PAM currently has **4 schema types,** and the examples are like follows:


## GETTING STARTED
Usage examples:

```python
from pam import client, database, converter

# Example of Data. Intentionally put duplicated data.
data = [
    {'my_name_is': 'Scott', 'title': 'HarryPotter 1', 'score': 5, 'time': '2022-01-01'},
    {'my_name_is': 'Scott', 'title': 'HarryPotter 2', 'score': 8, 'time': '2022-01-02'},
    {'my_name_is': 'Scott', 'title': 'HarryPotter 2', 'score': 8, 'time': '2022-01-02'},
    {'my_name_is': 'Scott', 'title': 'HarryPotter 2', 'score': 8, 'time': '2022-01-02'},
    {'my_name_is': 'Scott', 'title': 'HarryPotter 3', 'score': 6, 'time': '2022-01-03'},
    {'my_name_is': 'Scott', 'title': 'HarryPotter 3', 'score': 6, 'time': '2022-01-03'},
    {'my_name_is': 'Marry', 'title': 'Starwars 1', 'score': 3, 'time': '2022-01-04'},
    {'my_name_is': 'Marry', 'title': 'Starwars 1', 'score': 3, 'time': '2022-01-04'},
    {'my_name_is': 'Marry', 'title': 'Starwars 1', 'score': 3, 'time': '2022-01-04'},
    {'my_name_is': 'Marry', 'title': 'Starwars 2', 'score': 5, 'time': '2022-01-05'},
    {'my_name_is': 'Marry', 'title': 'Starwars 2', 'score': 5, 'time': '2022-01-05'},
    {'my_name_is': 'Marry', 'title': 'Starwars 2', 'score': 5, 'time': '2022-01-05'}
]

schemas = {
    # Type 1
    'Person': {
        'type': ('vertex', 'unique_vertex'),
        'collection': 'Person',
        'unique_key': ('my_name_is',),
        'fields': {
            'name': 'my_name_is'
        },
        'index': [
            {'field' : ('name',), 'unique' : True, 'ttl' : False}
        ]
    },
    # Type 1
    'Movie': {
        'type': ('vertex', 'unique_vertex'),
        'collection': 'Movie',
        'unique_key': ('title',),
        'fields': {
            'title': 'title'
        },
        'index': [
            {'field' : ('title',), 'unique' : True, 'ttl' : False}
        ]
    },
    # Type 2
    'has_ever_watched': {
        'type': ('edge', 'unique_edge_btw_vertices'),
        'collection': 'has_ever_watched',
        '_from_collection': 'Person',
        '_from': ('my_name_is',),
        '_to_collection': 'Movie',
        '_to': ('title',),
        'fields': {
        },
        'index': []
    },
    # Type 3
    'watched': {
        'type': ('edge', 'unique_edge_on_event'),
        'collection': 'watched',
        'unique_key': ('time',),
        '_from_collection': 'Person',
        '_from': ('my_name_is',),
        '_to_collection': 'Movie',
        '_to': ('title',),
        'fields': {
            'time': 'time',
            'score': 'score'
        },
        'index': []
    },
    # Type 4
    'loves_most': {
        'type': ('edge', 'unique_edge_from_vertex'),
        'collection': 'loves_most',
        '_from_collection': 'Person',
        '_from': ('my_name_is',),
        '_to_collection': 'Movie',
        '_to': ('title',),
        'fields': {
            'time': 'time',
            'score': 'score'
        },
        'condition': {
            # If score has max value, change favorite movie
            'max_by': {
                'score': ['_to']
            }
        },
        'index': []
    },
    'some_redundant_schema_used_elsewhere': {


    }
}

arango_conn = client.get_arango_conn(hosts="http://localhost:8529")
database_obj = database.create_and_get_database(arango_conn, 'favorite_movie', 'root', 'password')
mapping_list = ['Person', 'Movie', 'has_ever_watched', 'watched', 'loves_most']
converter.arango_converter(data, database_obj, schemas, mapping_list)
```


## TYPES OF SCHEMA

There are yet no official documentation of this library.
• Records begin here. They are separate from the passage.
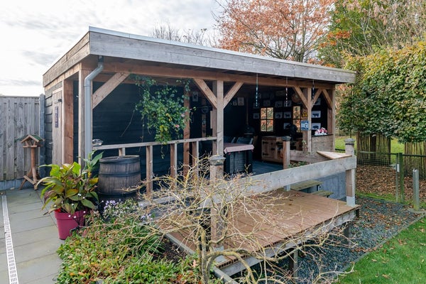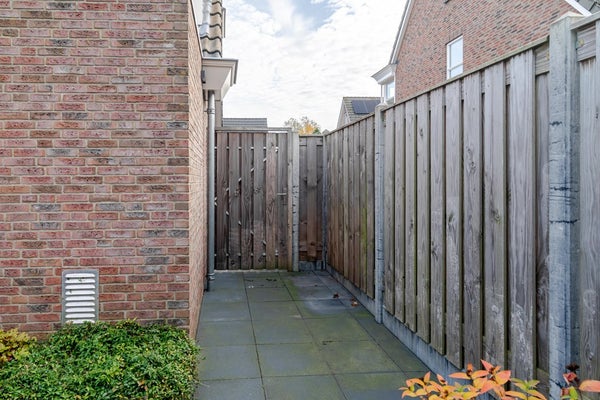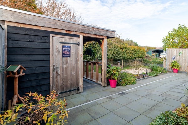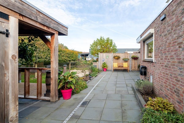 De achtertuin ligt op westen en biedt veel privacy. De tuin is voorzien van een terras, borders en gras. Opvallend is het hoogteverschil dat de inrichting speels maakt. Vanuit de royale overkapping kijkt u uit over de dierenweide die achter de woning ligt. Aan de voorzijde is een carport en een oprit met ruimte voor 2 auto’s.
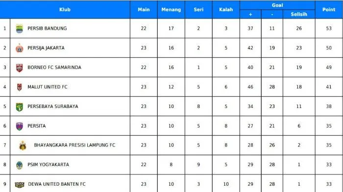 Persib Bandung berada di posisi pertama dengan raihan 54 poin dari 23 pertandingan.
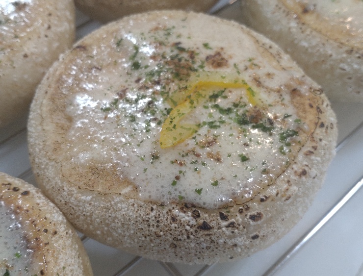 低温の乾燥焼きでメロン皮をサクサクにし、もっちり生地と絶妙なコントラストにした一品。ふつうのメロンパンだと思ってハードルを下げて、お召し上がり頂ければ、とても美味しく感じます。
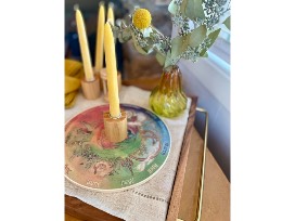 * 4 wooden candle holders with beeswax candles
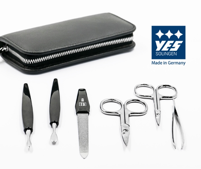 指甲剪或角質層剪刀,組合剪刀,指甲或皮膚鉗,鑷子,指甲清潔器,銼刀等等。幾乎所有儀器均由內部製造,然後鍍鎳,鍍鉻,鍍金或直接由不銹鋼製成。
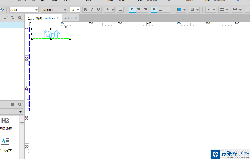 5、打開面板狀態(tài)管理,雙擊“簡(jiǎn)介”面板狀態(tài),移動(dòng)一個(gè)文字標(biāo)簽到界面上,修改內(nèi)容,如下圖所示:
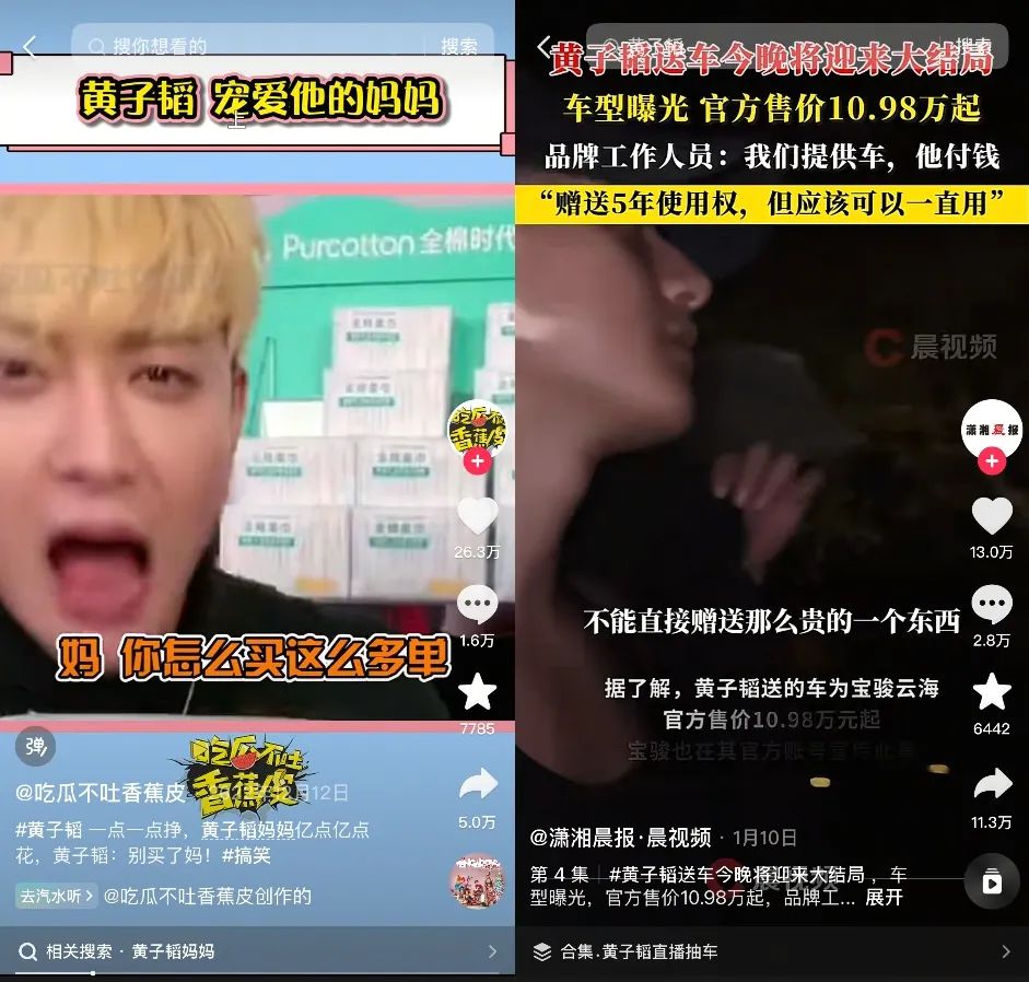 因为Aautorapper和Tiktok是月活上亿的电商平台,黄子韬作为主播带来的商品大多是日用品和美容护理。为了吸引更多的粉,远望科技结合黄子韬的性格,为他树立了一个接地气的直爽人,也促进了一系列热点事件帮助他吸引人气,比如:

So for now, this would be the only documentation to follow. 🤢

### Type 1. unique_vertex
unique_vertex type is a vertex mapper usually used to make one unique vertex entity.

For example, it can be used to represent people, food names, job titles, city names in Korea, etc.

From below schema, PAM do the following things:
1) Creates vertex collection named Person, and created indices
2) For every row, the `_key` field is created using `unique_key` fields each element joinned with `_` string ; here, the `_key` would be `{name}_{national_id}`
3) For every row, insert or upsert `fields` property

```python
"""
unique_vertex Type Requirements
- `type` (required) -- Tuple, (type_1, type_2)
- `collection` (required) -- String, collection name to map data into
- `unique_key` (required) -- Tuple, fields used to distinguish as unique document
- `fields` (required) -- Dict, data to store in documents. Keys represent names to use in ArangoDB, values represent field names to get data from 
- `index` (required) -- List of Dicts, index to use
"""

schemas = {'Person': {
    'type': ("vertex", 'unique_vertex'),
    'collection'  : 'Person',
    'unique_key' : ('name', 'national_id', ),
    'fields': {
        'name' : 'name',
        'age' : 'age',
        'job' : 'job'
    },
    'index': [
        {'field' : ('name',), 'unique' : True, 'ttl' : False}
    ]
}}
```

### Type 2. unique_edge_btw_vertices
unique_edge_btw_vertices type is an edge collection and should have `_from` and `_to` fields.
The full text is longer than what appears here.